# [Exercise]
Without the pictures, return each record as it appears.

# [Input material]
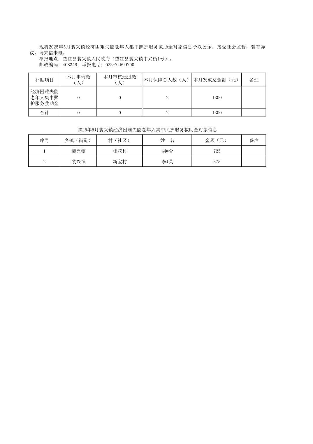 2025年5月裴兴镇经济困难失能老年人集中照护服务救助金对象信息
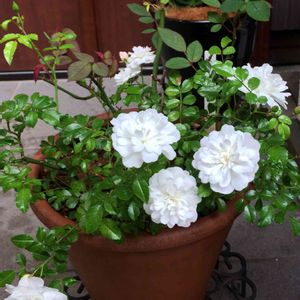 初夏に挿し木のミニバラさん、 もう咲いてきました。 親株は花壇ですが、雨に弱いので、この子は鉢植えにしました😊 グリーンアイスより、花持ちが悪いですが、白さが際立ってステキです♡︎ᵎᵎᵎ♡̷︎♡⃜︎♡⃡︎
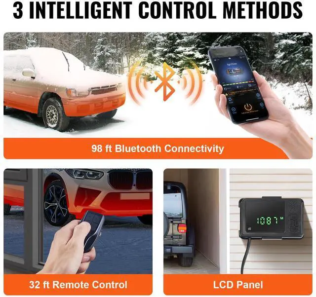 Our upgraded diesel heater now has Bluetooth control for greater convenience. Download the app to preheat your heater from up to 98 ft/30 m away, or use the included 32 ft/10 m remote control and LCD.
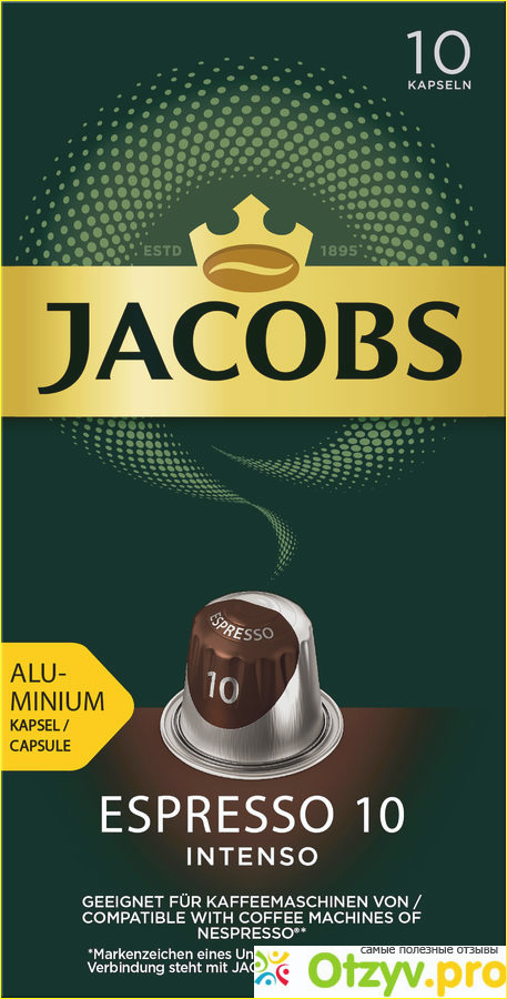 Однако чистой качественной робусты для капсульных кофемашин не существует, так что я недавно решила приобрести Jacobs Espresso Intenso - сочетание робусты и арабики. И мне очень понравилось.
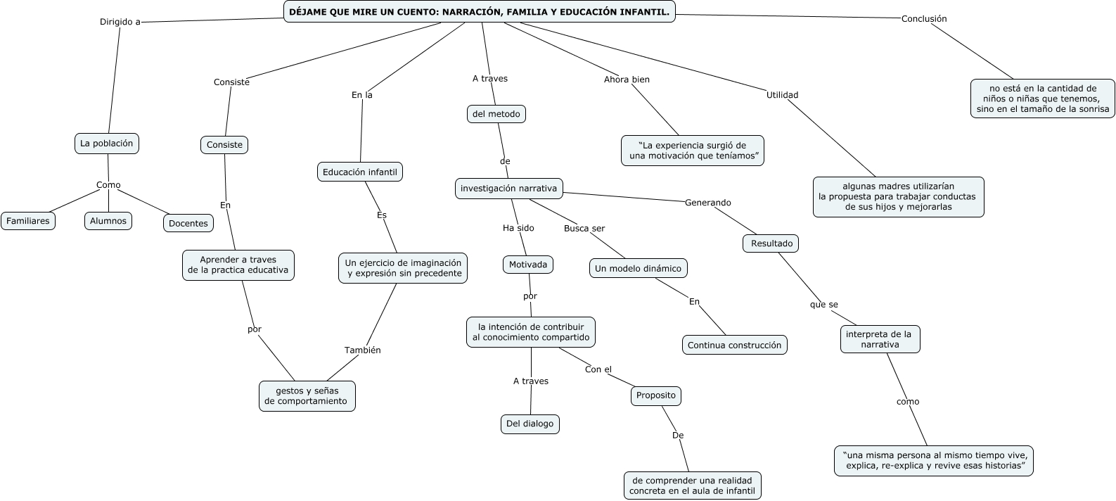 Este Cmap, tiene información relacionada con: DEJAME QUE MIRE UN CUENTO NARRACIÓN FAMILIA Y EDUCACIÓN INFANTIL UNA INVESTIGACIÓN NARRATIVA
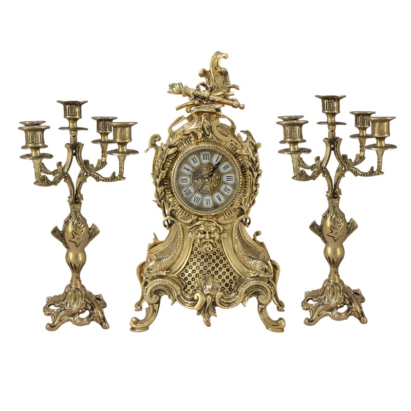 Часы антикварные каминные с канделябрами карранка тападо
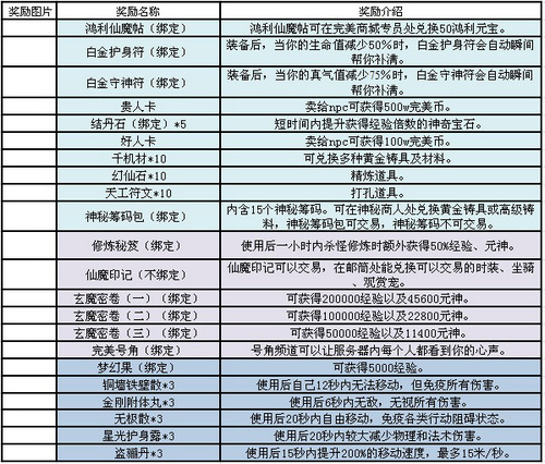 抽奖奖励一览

# [Answer below]
 2025年5月裴兴镇经济困难失能老年人集中照护服务救助金对象信息
 初夏に挿し木のミニバラさん、 もう咲いてきました。 親株は花壇ですが、雨に弱いので、この子は鉢植えにしました😊 グリーンアイスより、花持ちが悪いですが、白さが際立ってステキです♡︎ᵎᵎᵎ♡̷︎♡⃜︎♡⃡︎
 Our upgraded diesel heater now has Bluetooth control for greater convenience. Download the app to preheat your heater from up to 98 ft/30 m away, or use the included 32 ft/10 m remote control and LCD.
 Однако чистой качественной робусты для капсульных кофемашин не существует, так что я недавно решила приобрести Jacobs Espresso Intenso - сочетание робусты и арабики. И мне очень понравилось.
 Este Cmap, tiene información relacionada con: DEJAME QUE MIRE UN CUENTO NARRACIÓN FAMILIA Y EDUCACIÓN INFANTIL UNA INVESTIGACIÓN NARRATIVA
 Часы антикварные каминные с канделябрами карранка тападо
 抽奖奖励一览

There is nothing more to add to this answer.